Flanieren mit Poesie

Im Künstlerhaus in Edenkoben treffen sich Künstler aus ganz Europa – sie wohnen, arbeiten, schreiben und diskutieren hier. Und einige von ihnen haben ihre Spuren hinterlassen – zwischen Weinbergen und Mandelbäumen.

Erstmal durchatmen. Ankommen. Dann das Gehör neu einstellen: vom Lärm des Alltags auf die Ruhe der Pfalz. Alles ist leiser hier, zarter. Zuerst dringen die Vogelstimmen durch, ein vielstimmiges Konzert. Dann das Brummen einer Hummel. In der Ferne tuckert ein Traktor, in der Nähe scharrt ein Laubrechen. Das Künstlerhaus Edenkoben ist umgeben von Weinbergen, überall blühen Mandelbäume. Weiß die Essmandeln, rosarot die Ziermandeln. Mittendrin steht Hans Thill, der künstlerische Leiter. Er lächelt – und lässt dem Besuch noch etwas Zeit, um zu sehen und zu hören.

Das Künstlerhaus Edenkoben – idyllischer kann ein Haus für Dichter kaum liegen.

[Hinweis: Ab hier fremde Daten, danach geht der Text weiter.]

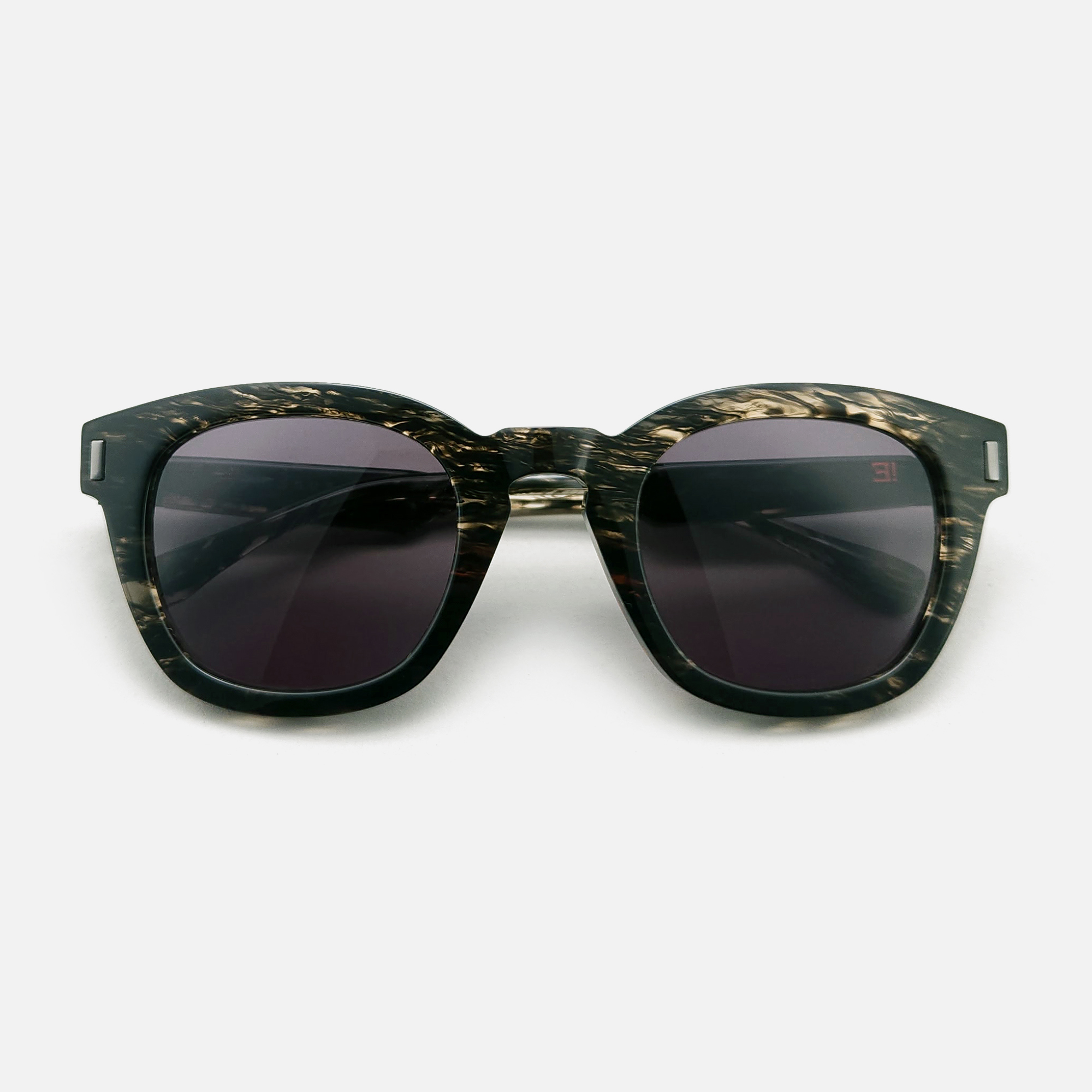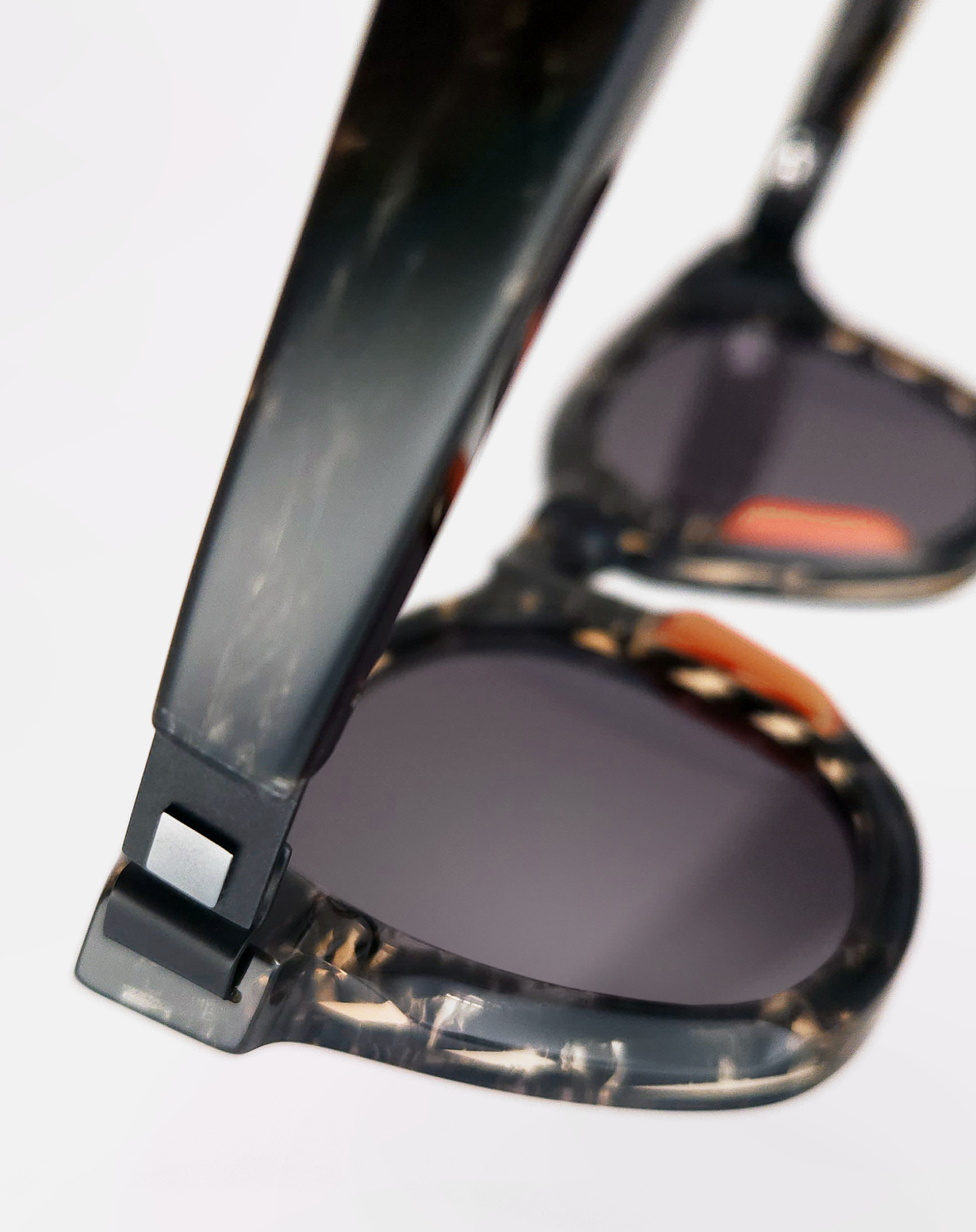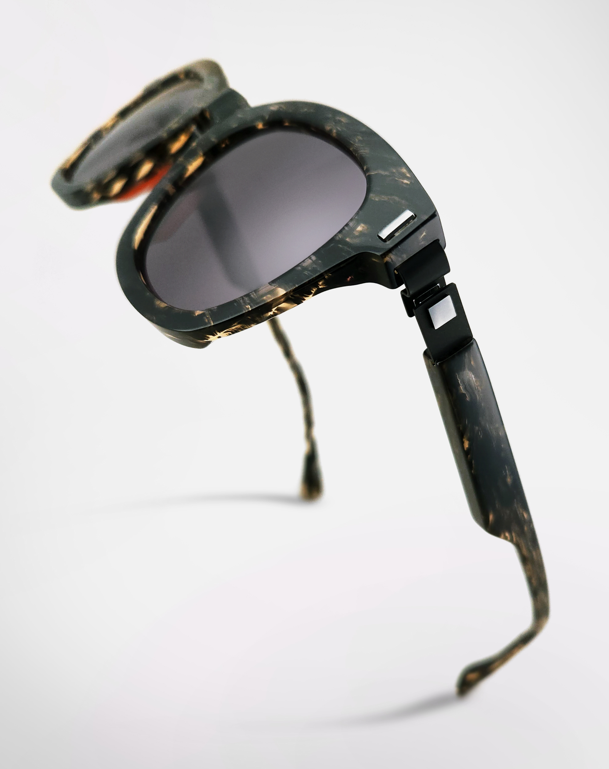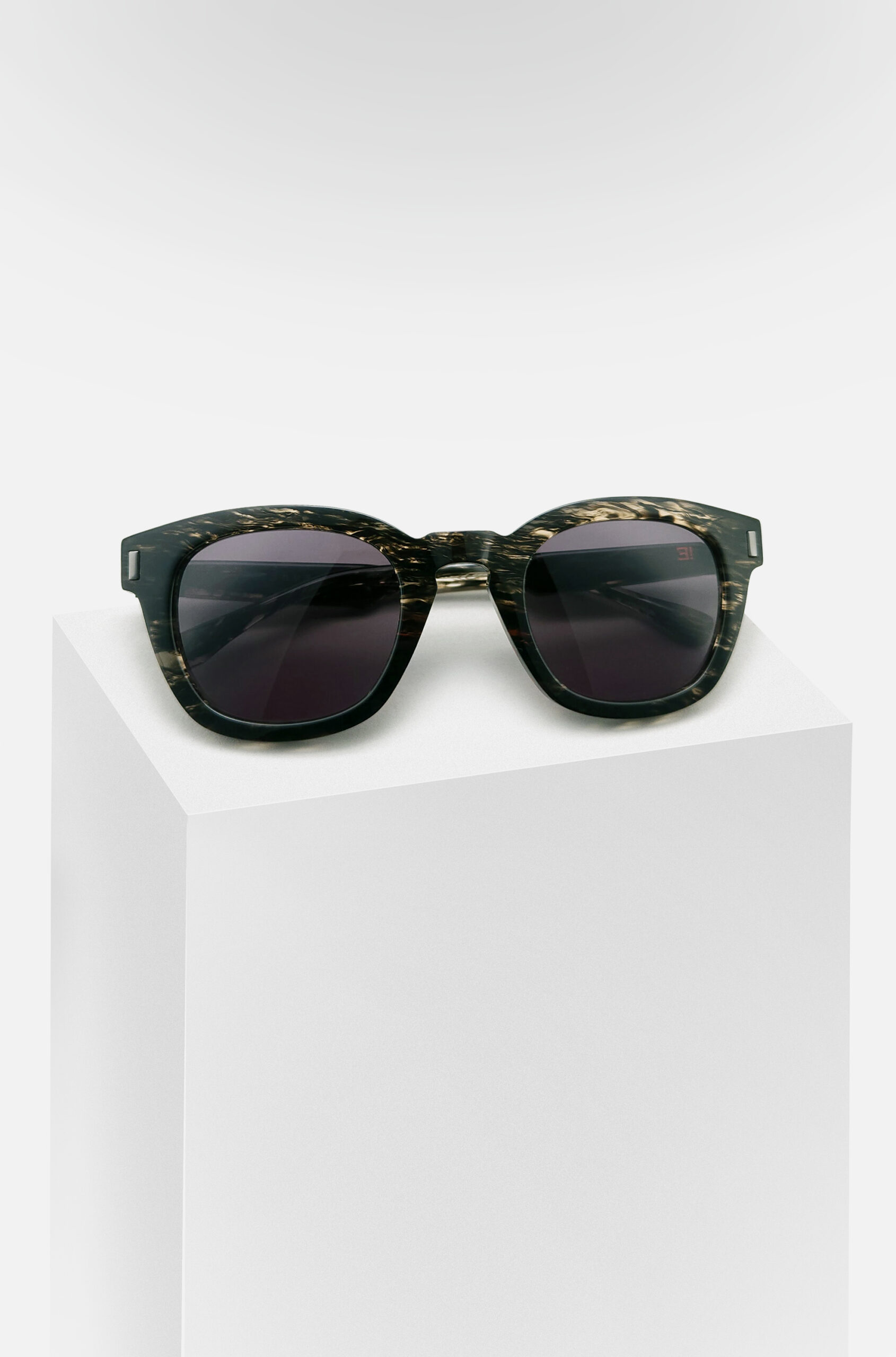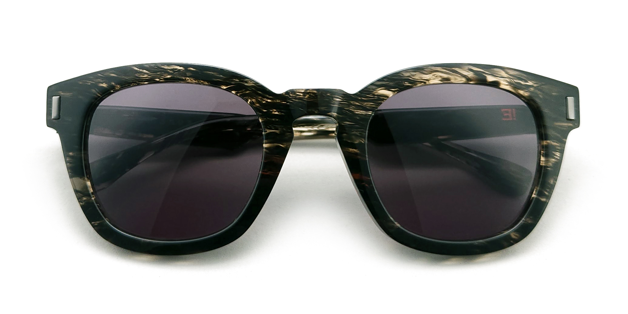 Une monture solaire de forme carrée, objet de design, réalisée en BIO-acétate revalorisé.

Einen besseren Ort für ein Künstlerhaus kann es eigentlich nicht geben. Idyllischer als hier in der Südpfalz geht es kaum. Eben noch, erzählt Thill, saß er mit Vreda Marschner im Garten hinter dem Haus. Die junge Lyrikerin las ihre Gedichte vor. Thill hörte zu und kommentierte. Marschner ist in Rheinland-Pfalz aufgewachsen und als „Landeskind“ eine von derzeit vier Stipendiaten, die hier im Künstlerhaus wohnen. Auch Nándor Angstenberger, der in Serbien geboren wurde und heute in Berlin lebt, gehört dazu. Im Hof gibt eine große Fensterfront den Blick frei in sein Atelier und auf ein Traumschloss. Aus Styropor, Haargummis, Draht und Lockenwickler. Eine Skulptur aus Fundstücken.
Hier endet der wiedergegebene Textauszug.